*** MATERIAL FOR THIS TASK ***
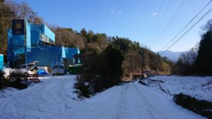 雪国? 伊豆木のO邸の木工事検査を行いました。そこまでは難なく行けたのですが、スイッチバックして現場に入る50m手前で躊躇!4駆なので私の車は大丈夫と思うのですが後から来る車がつかえたりすると面倒なので少し手前から歩きました。やはり西部地区は雪が多いです。複雑な屋根の下、小屋組みが見える居間は明るく独創的で田舎暮らしが楽しそうです。
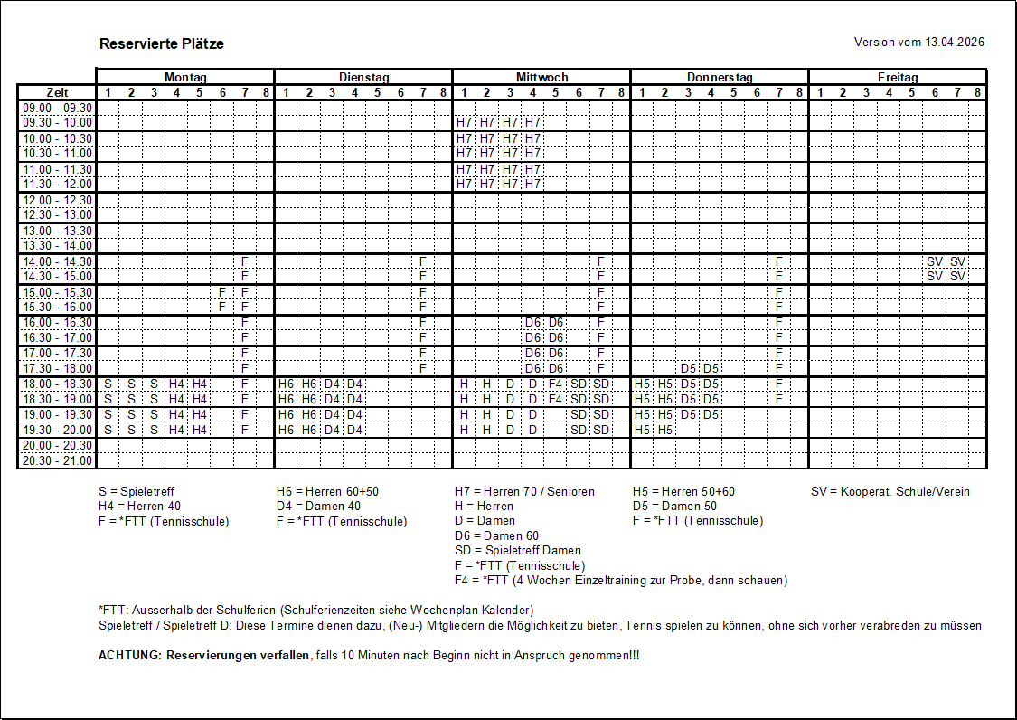 1. Oben die fixen Platzreservierungen, die die ganze Sommersaison über gelten (F gilt nur außerhalb der Schulferien)
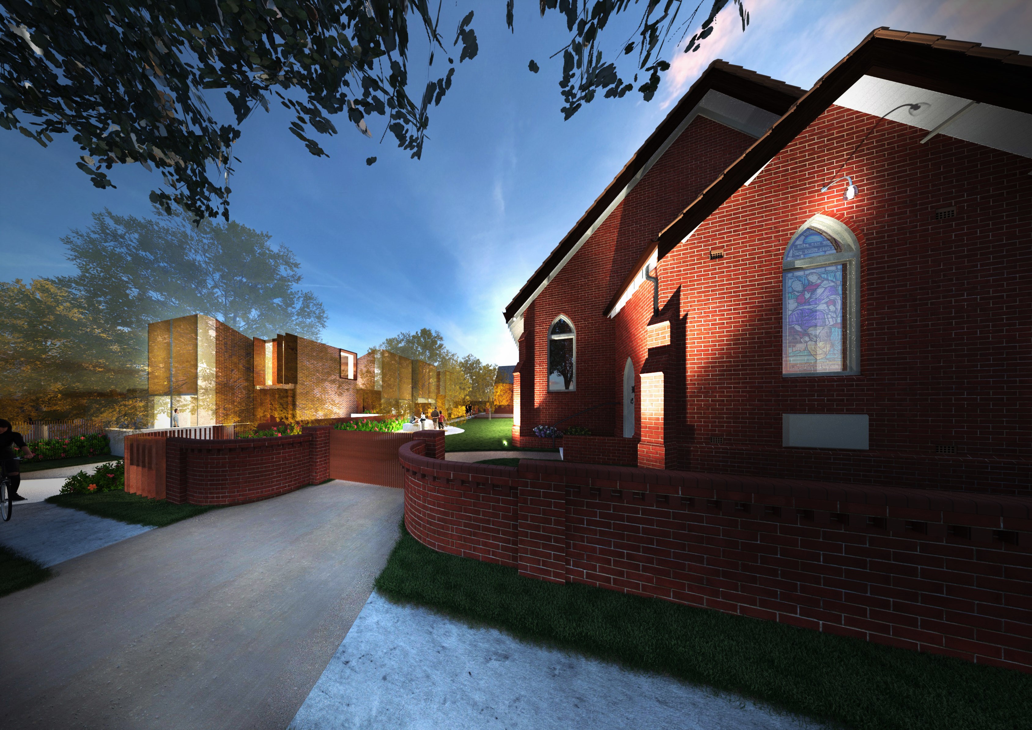 The brief required the reuse of as much of the existing structure as possible to maintain the authenticity of the site and uniqueness of the existing Church. Within the existing Church is one dwelling and two other dwellings located within the original supporting buildings (Church Hall/ Church Sacristy). Minor adjustments to structures and façades as required to create dwellings that meet contemporary standards
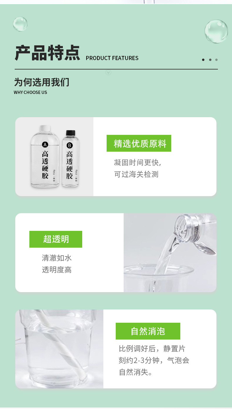 水晶滴胶高透明3:1自消泡diy材料高硬度可打磨耐黄变环氧树脂ab胶
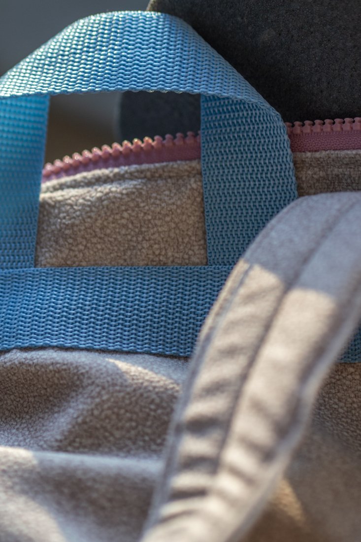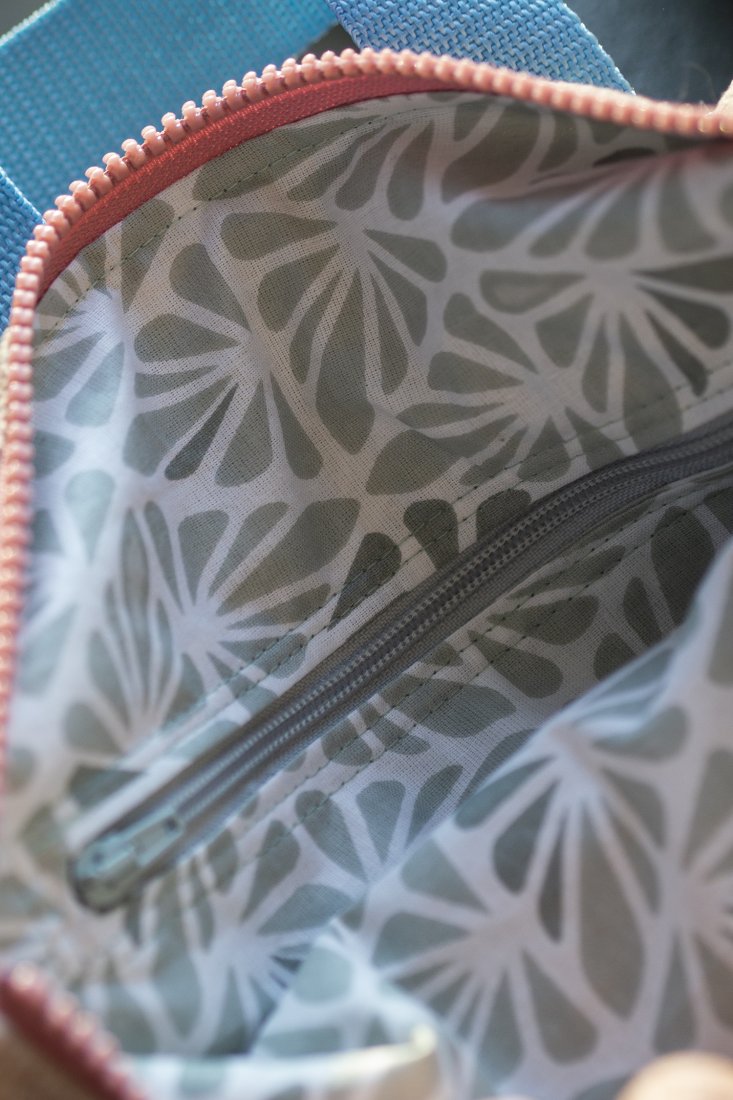 Regulowane paski. W środku wzorzysta, bawełniana podszewka oraz mała kieszonka na suwak.
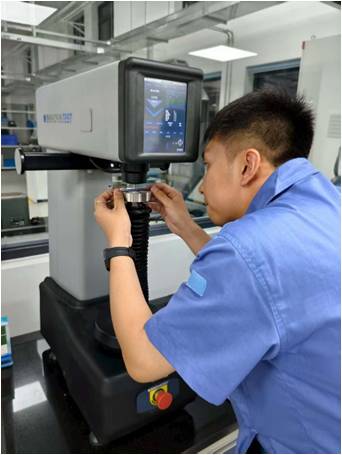 位于701庫的性能組實(shí)驗(yàn)室里燈火通明,試驗(yàn)機(jī)與洛氏硬度計(jì)發(fā)出持續(xù)不斷的規(guī)律蜂鳴。性能組組長黃姐和組員小王被堆積如山的待檢樣品包圍。每一份樣品都需經(jīng)受嚴(yán)格考驗(yàn):電子萬能試驗(yàn)機(jī)上,金屬樣條被緩緩拉長直至斷裂,電腦屏幕實(shí)時(shí)繪制著反應(yīng)材料強(qiáng)度的拉伸曲線;洛氏硬度計(jì)旁,檢測員凝神屏息,在無數(shù)樣品表面精準(zhǔn)施壓,記錄著一個(gè)個(gè)硬度數(shù)據(jù)點(diǎn)。連續(xù)數(shù)小時(shí)高強(qiáng)度操作,手臂早已酸痛難當(dāng),目光卻依舊如炬,牢牢鎖定每一個(gè)讀數(shù)、每一個(gè)數(shù)據(jù)點(diǎn)。
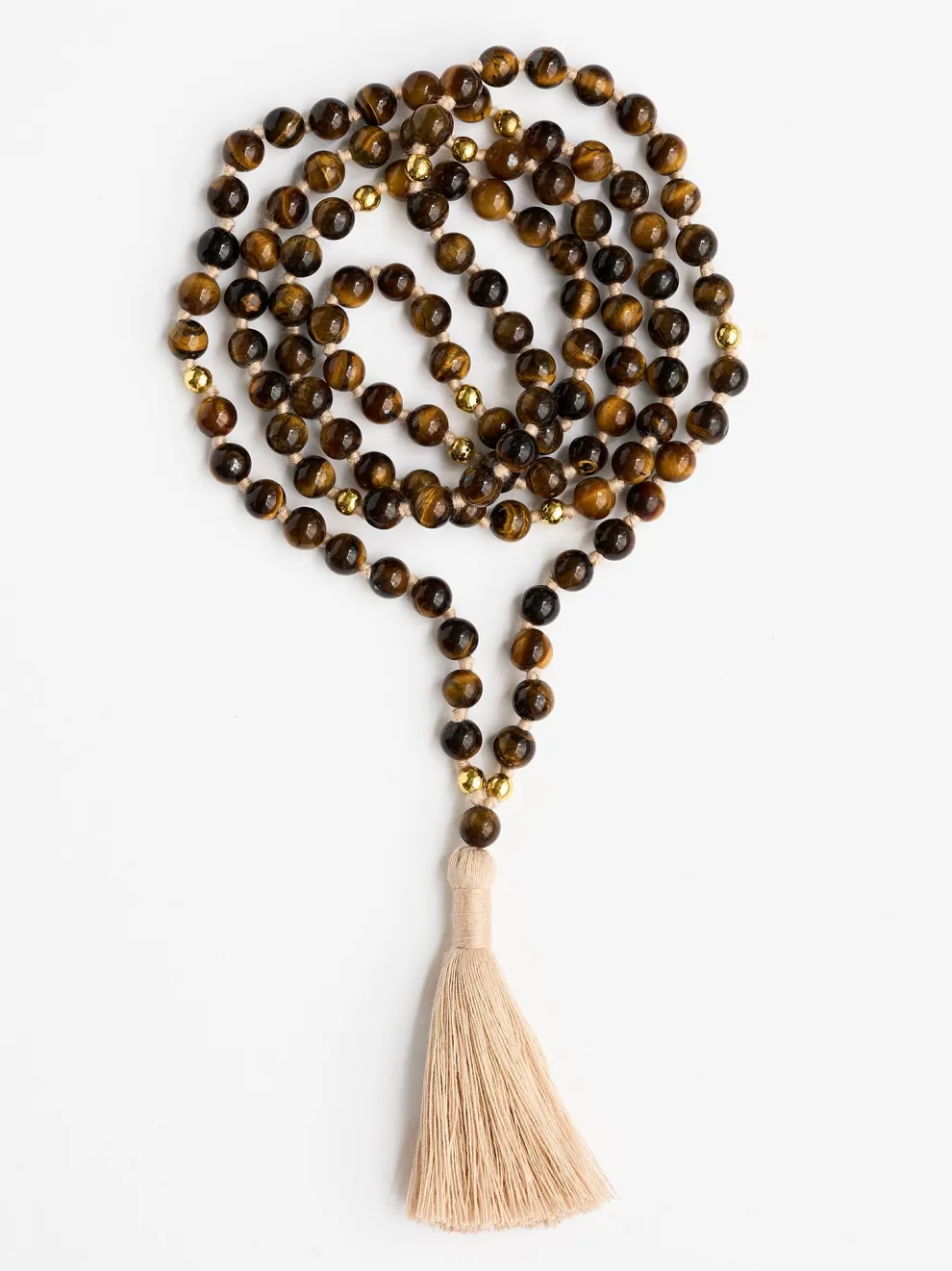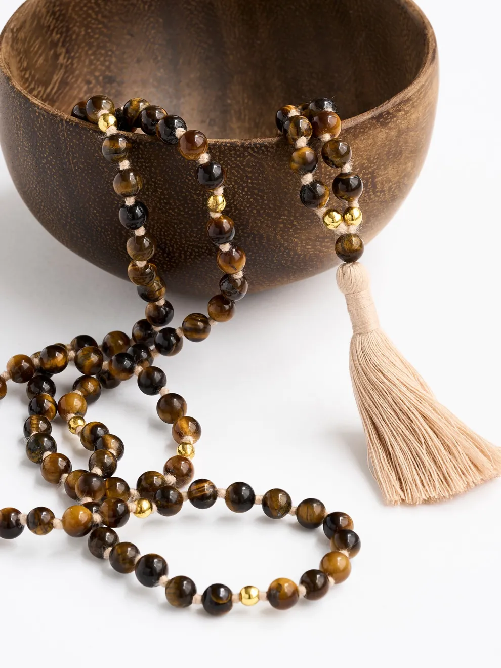 - Malas are hand-knotted between each bead while bracelets are hand-strung on elastic thread
*** End of MATERIAL FOR THIS TASK ***
◆ TASK ITEM: From the line containing "Regulowane paski. W" through the final line of the records, write out each line exactly, and include no pictures.

◆ YOUR SOLUTION:
 Regulowane paski. W środku wzorzysta, bawełniana podszewka oraz mała kieszonka na suwak.
 位于701庫的性能組實(shí)驗(yàn)室里燈火通明,試驗(yàn)機(jī)與洛氏硬度計(jì)發(fā)出持續(xù)不斷的規(guī)律蜂鳴。性能組組長黃姐和組員小王被堆積如山的待檢樣品包圍。每一份樣品都需經(jīng)受嚴(yán)格考驗(yàn):電子萬能試驗(yàn)機(jī)上,金屬樣條被緩緩拉長直至斷裂,電腦屏幕實(shí)時(shí)繪制著反應(yīng)材料強(qiáng)度的拉伸曲線;洛氏硬度計(jì)旁,檢測員凝神屏息,在無數(shù)樣品表面精準(zhǔn)施壓,記錄著一個(gè)個(gè)硬度數(shù)據(jù)點(diǎn)。連續(xù)數(shù)小時(shí)高強(qiáng)度操作,手臂早已酸痛難當(dāng),目光卻依舊如炬,牢牢鎖定每一個(gè)讀數(shù)、每一個(gè)數(shù)據(jù)點(diǎn)。
 - Malas are hand-knotted between each bead while bracelets are hand-strung on elastic thread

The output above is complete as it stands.